Dwy 242 MC day if you think it will happen
Last night and this morning I have had the thought of my wife's double life on my mind and how to get people to see it. She changes her email, she makes many different social media accounts with new emails and names so I can't see what she is doing. She walks out of the house to talk to people on the phone so I can't hear what is being said. Her whole life is hidden from me and so there is nothing to talk about except everything that involves not knowing her or her other life. And this is really bugging me today.
So I am thinking maybe I should ask this question in the marriage group text so my wife can see it also or if we have marriage counseling today maybe asking the question there but I would bet a million dollars the counselor will cut me off and not let me finish or even ask the question which is why I think the group text would be better. Oooo I know if we have marriage counseling I will try to ask and if I am cut off I will stop send it to the group chat and walk out of counseling. Yep I think that is what I will do. So here is my question I wrote up
5/22/2025
DOUBLE LIFE QUESTION
Counselor, I am asking this question because, and for give me for assuming, but I assume your marriage is some what in a normal plain since it seems to be working pretty good. Does your wife run a double life and is this a normal thing in a marriage. Let me give a few examples. Does your wife change her email address every year or so to keep you from knowing her messages or seeing what she is sending or receiving and then tell you she only has 1 email address and you can look at it anytime? Does your wife have multiple social media accounts none of which she will share with you or even tell you about and deny having? Does your wife start a phone call then walk out of the house to the furthest point in the yard so she hangs up if you come out so as not to be heard and then tells you nothing about the call if you ask? Making all your conversation about anything except dealing with the other life. I am so puzzled on this part of marriage and the limits it puts on communication and do not know how much of this is normal or should I live in the box mark this life is were you live. Could you help explain this to me.

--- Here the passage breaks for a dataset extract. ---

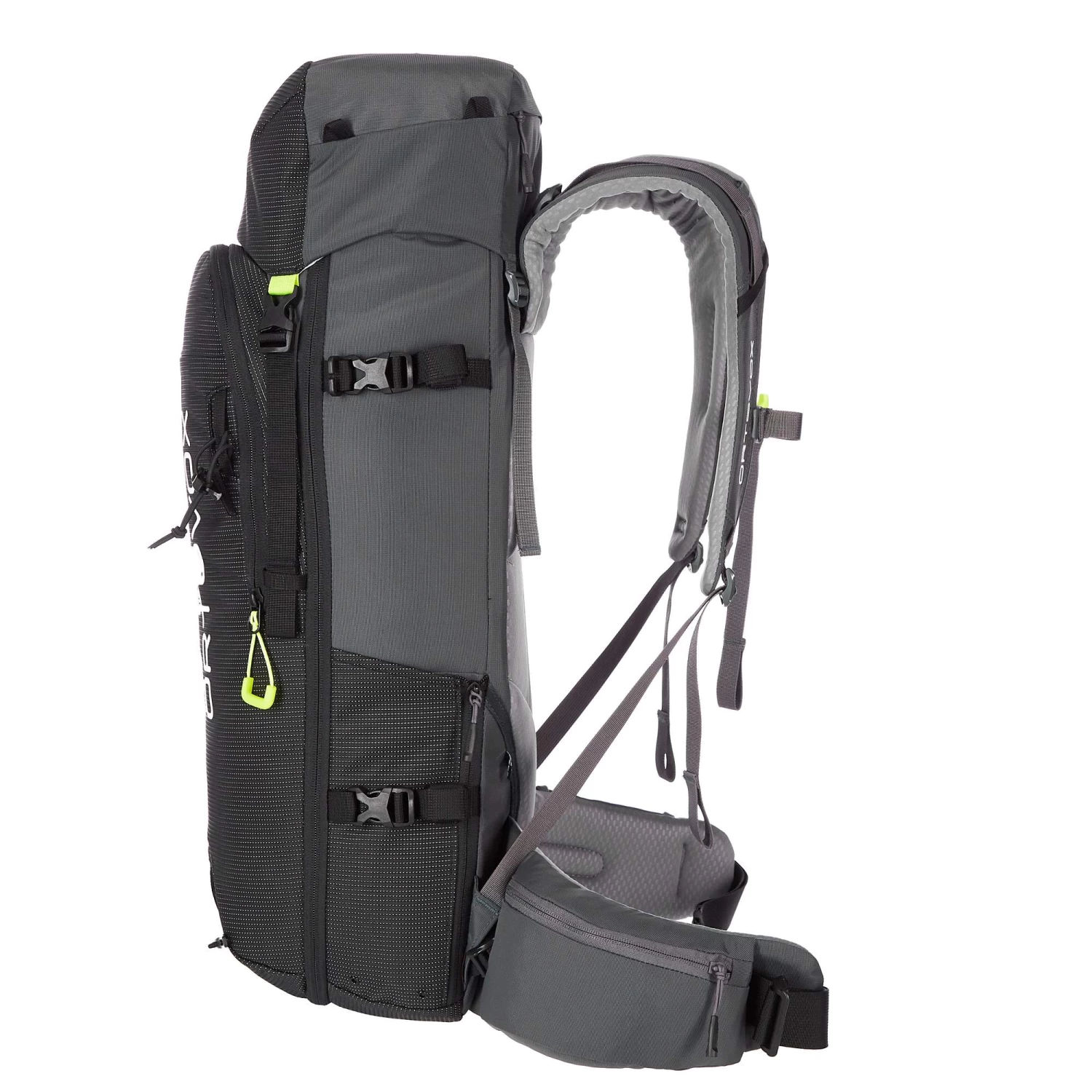 Die Gewichtsverteilung und hohe Stabilität des Tragesystems wird von Metallstreben unterstützt. Die Schultergurte und der Hüftgurt sind angenehm breit und ergonomisch vorgeformt.

It's 1:30pm and I am feeling antsy for a walk but know if I start asking walk they will decide to have marriage counseling and if I don't start the walk counseling will not happen. I hate this type of go around never knowing till the last minute but guess I will wait. I am not saying anything just letting it go by. It seems I am the only one to bring it up or care about it so let's just sit and watch. I also have my question ready and if around 5pm we don't have counseling then I will fire it off. My heart has fluttered a couple of times in anticipation of the fall out for such a question because I know the church is going to jump to her aid and defend her saying I am a liar and that my wife says it's not true so therefore it's not true because the believe every word from her mouth. Yet I could point out several times the counselor asked for our email addresses and she refused because I would see it. I am also concerned that this meeting 2 or 3 times a week is dead in the water and will not happen again because she probably is either dealing with a daughter she told we went for a walk together is yelling at her because she feels betrayed or she really has not told her daughter and does not want to get caught doing something together because everyone in her hate group will go off on her.
Had a very short nothing call with the wife and heard about her headache and pain in her arm. So I started to send my double life question and I felt very uneasy about it so I am praying for God the guide me on sending it or not because I am not sure if God was making me uneasy or satan so he wouldn't lose ground. And man this is really a God please guide me spot.